# WHAT YOU NEED TO DO:
Output the records exactly as they appear, with no pictures included.
^^^^^^^^^^^^^^^^
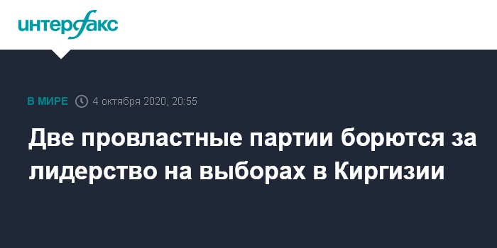 Москва. 4 октября. INTERFAX.RU - Провластная политическая партия "Биримдик" (Единство) вырвалась в лидеры на выборах в парламент Киргизии, набрав 24,5% голосов избирателей.
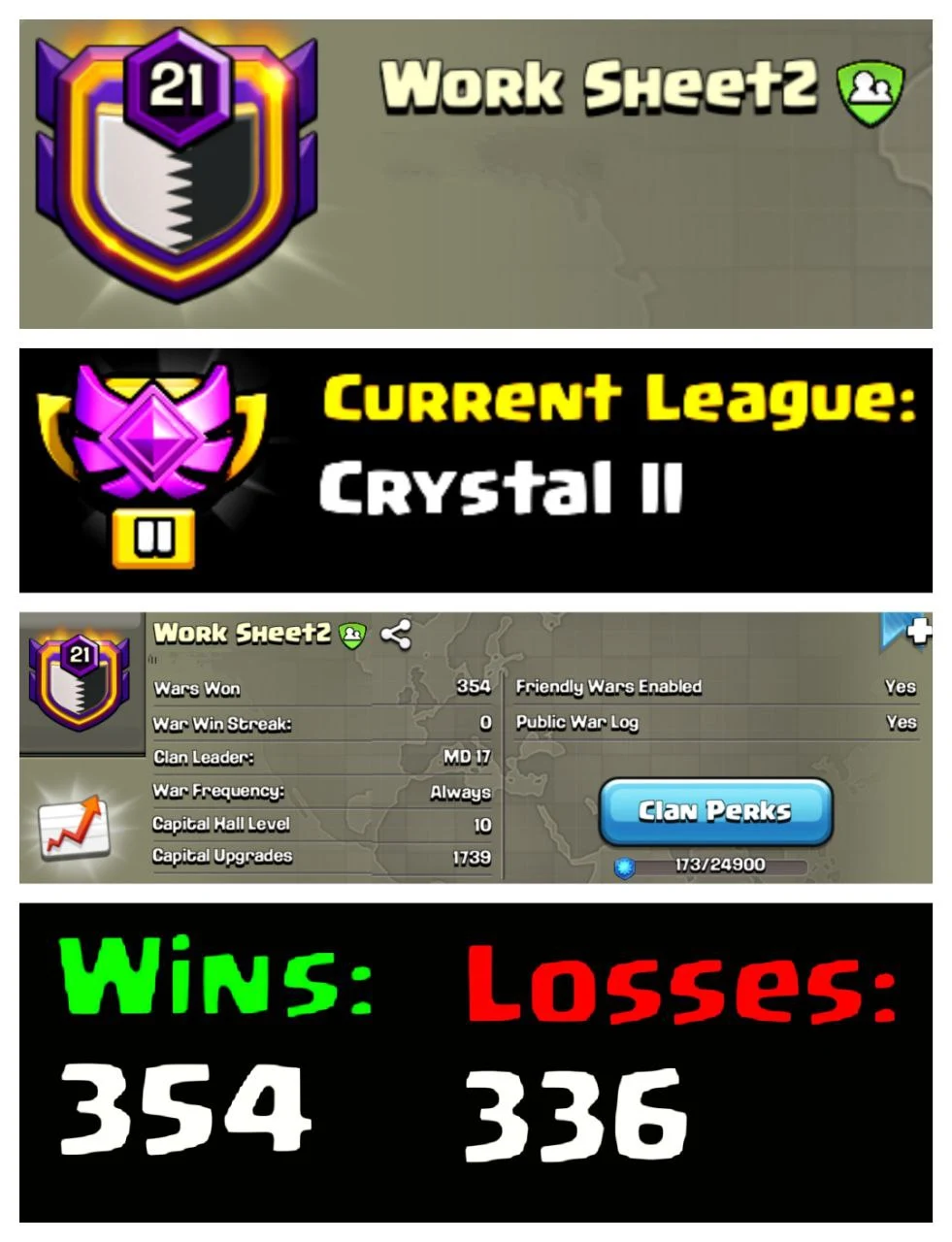 📊 OP LVL 21 ENGLISH CLAN 🧩 WORK SHEET 2 ⚔️ CRYSTAL II 🏯 CLAN CAPITAL 10 🔥 354W/336L 🚀 INSTANT DELIVERY 🛒 BUY NOW #LB
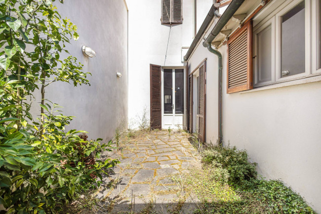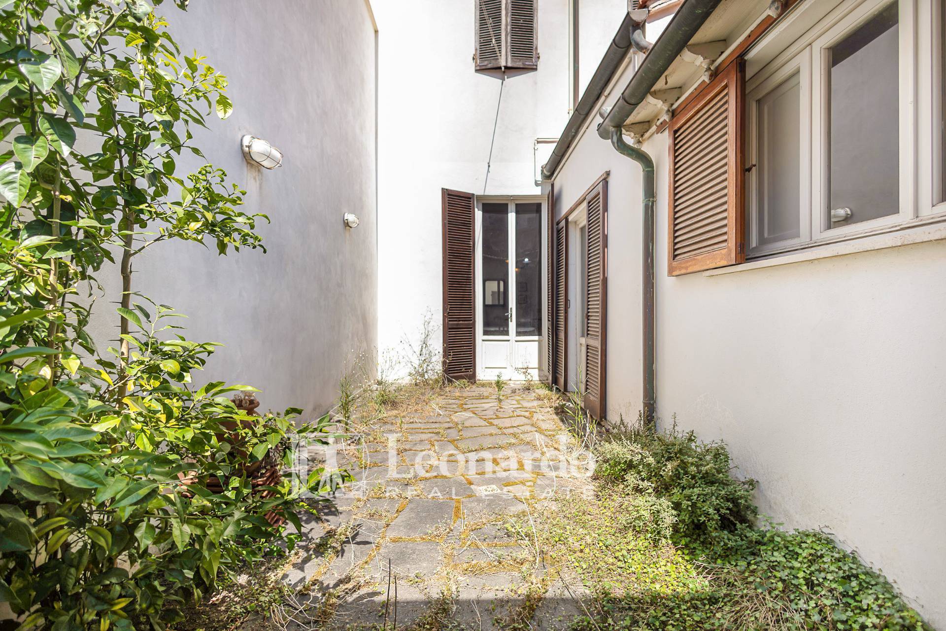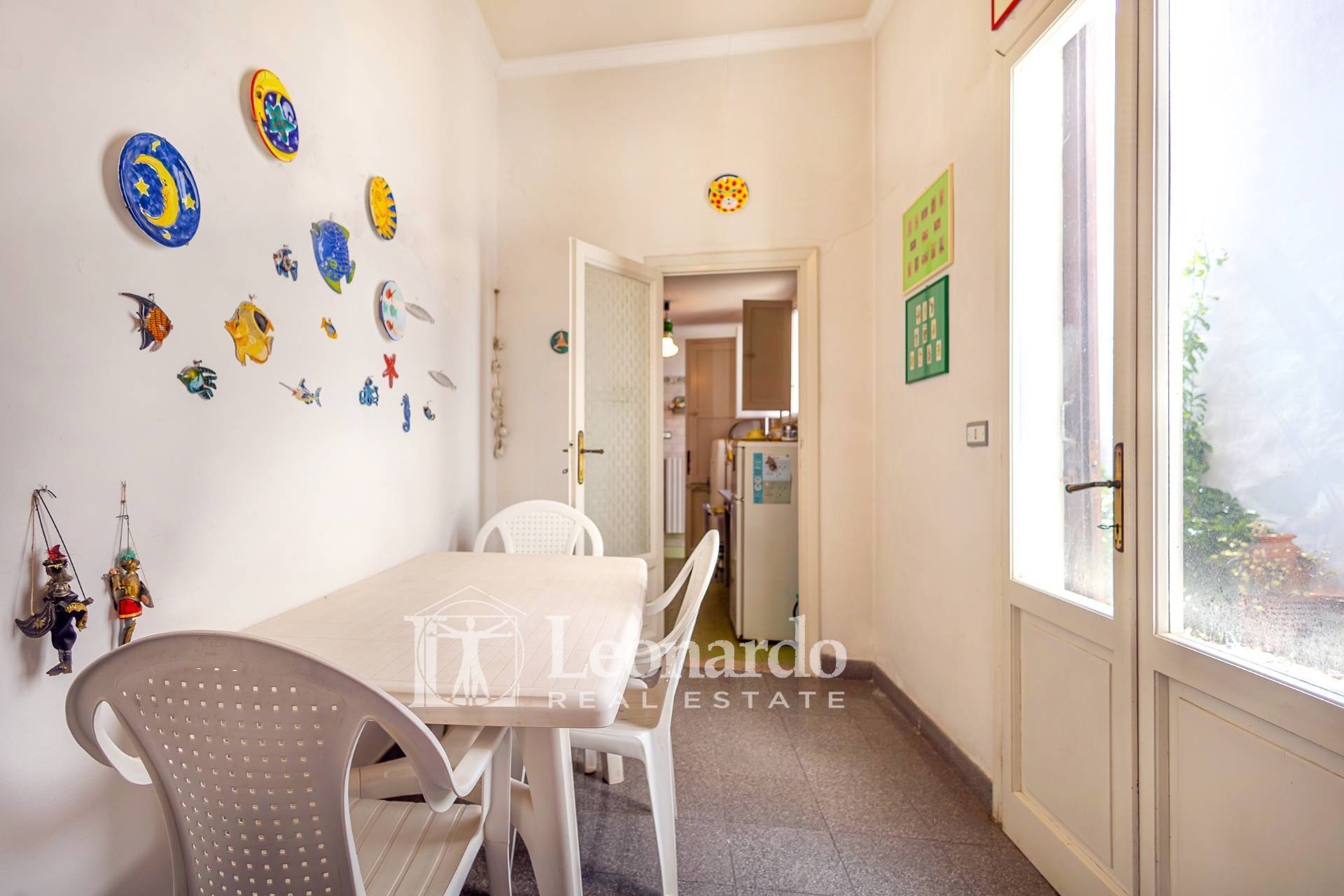 Una luminosa sala da pranzo si apre sulla corte interna privata, perfetta per pranzi all’aperto e momenti di relax.
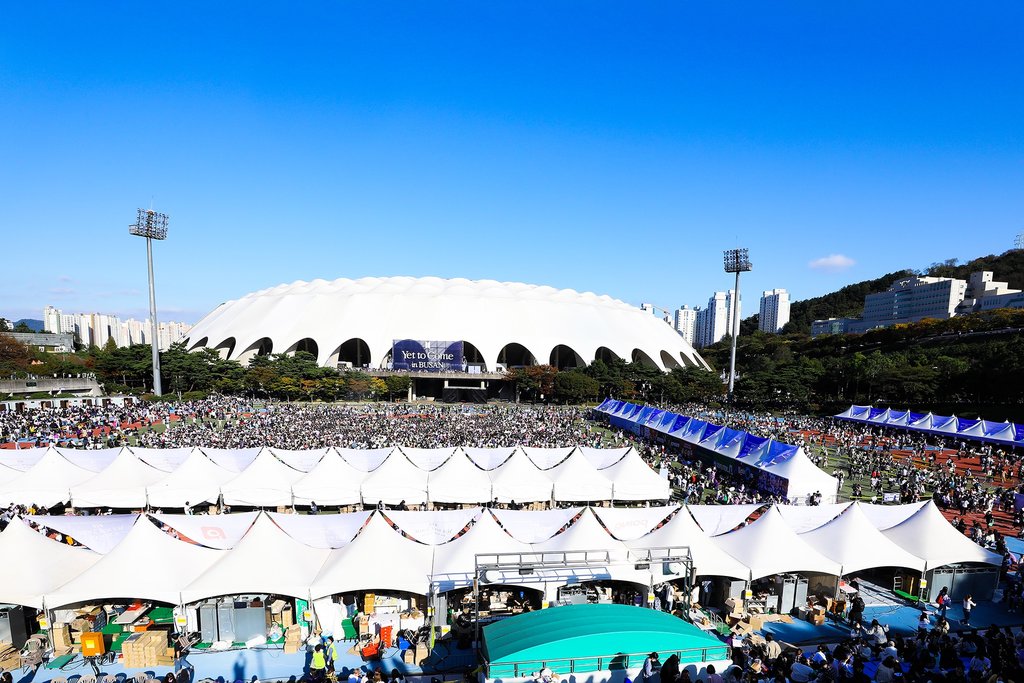 | ▲ 'BTS를 만나러 왔어요' (서울=연합뉴스) 2030 부산세계박람회 유치 기원 콘서트 '옛 투 컴 인 부산'(Yet To Come in BUSAN)이 열린 15일 오후 부산아시아드주경기장 인근이 입장을 기다리는 팬들로 가득차 있다. 2022.10.15 [빅히트뮤직 제공. 재판매 및 DB 금지] photo@yna.co.kr |
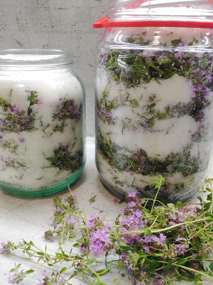 Затваряте и оставяте на слънце. Ние го правим на село, защото къщата ни на Джурково има слънчево изложение през голяма част от деня. За няколко седмици влагата от мащерката и захарта се сливат в една чудодейна субстанция.
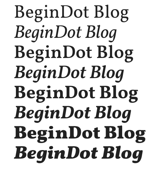 มันแบ่งออกเป็นหกประเภทขึ้นอยู่กับตัวเอียงหรือตัวหนาที่คุณต้องการ ได้รับการพิสูจน์แล้วว่ามีประสิทธิภาพสำหรับข้อความเนื้อหา
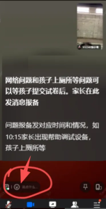 考试过程中遇到的突发事件(网络、考试设备等)导致家长进入考试监考画面或者孩子上厕所离开考试监考画面,需要家长在孩子提交试卷后在腾讯会议聊天框发消息打字报备。
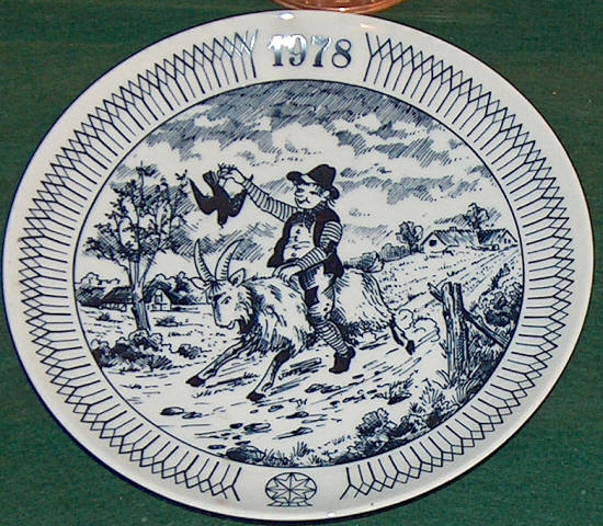 Platte i porcelæn med Klods Hans motiv 1978. Ukendt kunstner .
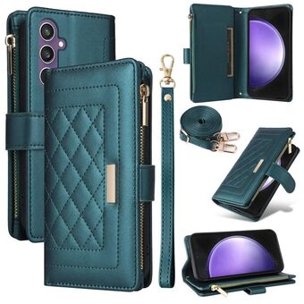For Samsung Galaxy S23 FE 5G Crossbody Zipper Wallet Rhombus Leather Phone Case(Green)
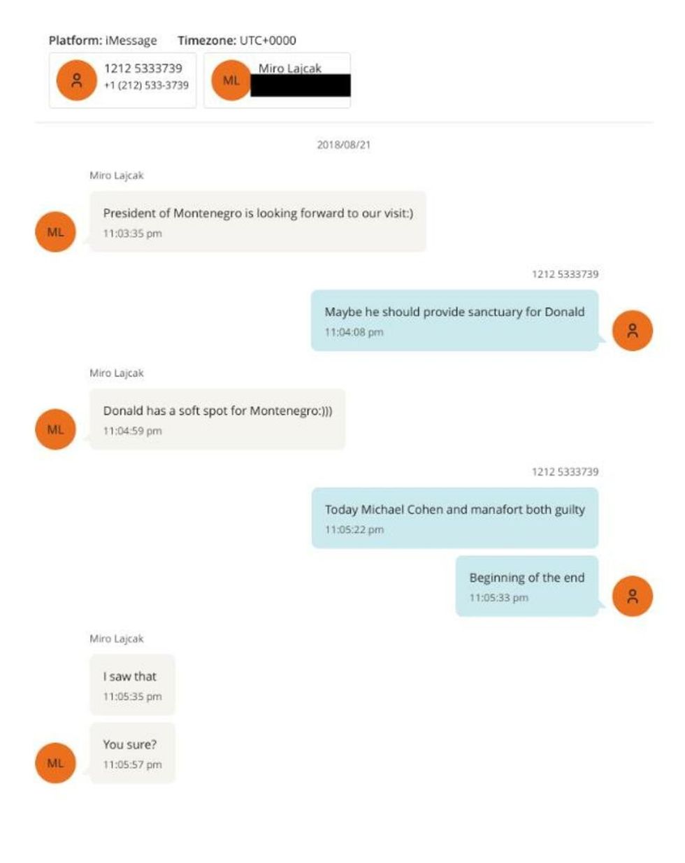 Më 21 gusht 2018, Lajçak i shkroi Epstein një mesazh: “Presidenti i Malit të Zi mezi pret vizitën tonë”.
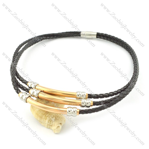 wholesale leather necklace with rose gold stainless steel tube n000453
^^^^^^^^^^^^^^^^
# RESPONSE TO THIS TASK:
 Москва. 4 октября. INTERFAX.RU - Провластная политическая партия "Биримдик" (Единство) вырвалась в лидеры на выборах в парламент Киргизии, набрав 24,5% голосов избирателей.
 📊 OP LVL 21 ENGLISH CLAN 🧩 WORK SHEET 2 ⚔️ CRYSTAL II 🏯 CLAN CAPITAL 10 🔥 354W/336L 🚀 INSTANT DELIVERY 🛒 BUY NOW #LB
 Una luminosa sala da pranzo si apre sulla corte interna privata, perfetta per pranzi all’aperto e momenti di relax.
 | ▲ 'BTS를 만나러 왔어요' (서울=연합뉴스) 2030 부산세계박람회 유치 기원 콘서트 '옛 투 컴 인 부산'(Yet To Come in BUSAN)이 열린 15일 오후 부산아시아드주경기장 인근이 입장을 기다리는 팬들로 가득차 있다. 2022.10.15 [빅히트뮤직 제공. 재판매 및 DB 금지] photo@yna.co.kr |
 Затваряте и оставяте на слънце. Ние го правим на село, защото къщата ни на Джурково има слънчево изложение през голяма част от деня. За няколко седмици влагата от мащерката и захарта се сливат в една чудодейна субстанция.
 มันแบ่งออกเป็นหกประเภทขึ้นอยู่กับตัวเอียงหรือตัวหนาที่คุณต้องการ ได้รับการพิสูจน์แล้วว่ามีประสิทธิภาพสำหรับข้อความเนื้อหา
 考试过程中遇到的突发事件(网络、考试设备等)导致家长进入考试监考画面或者孩子上厕所离开考试监考画面,需要家长在孩子提交试卷后在腾讯会议聊天框发消息打字报备。
 Platte i porcelæn med Klods Hans motiv 1978. Ukendt kunstner .
For Samsung Galaxy S23 FE 5G Crossbody Zipper Wallet Rhombus Leather Phone Case(Green)
 Më 21 gusht 2018, Lajçak i shkroi Epstein një mesazh: “Presidenti i Malit të Zi mezi pret vizitën tonë”.
 wholesale leather necklace with rose gold stainless steel tube n000453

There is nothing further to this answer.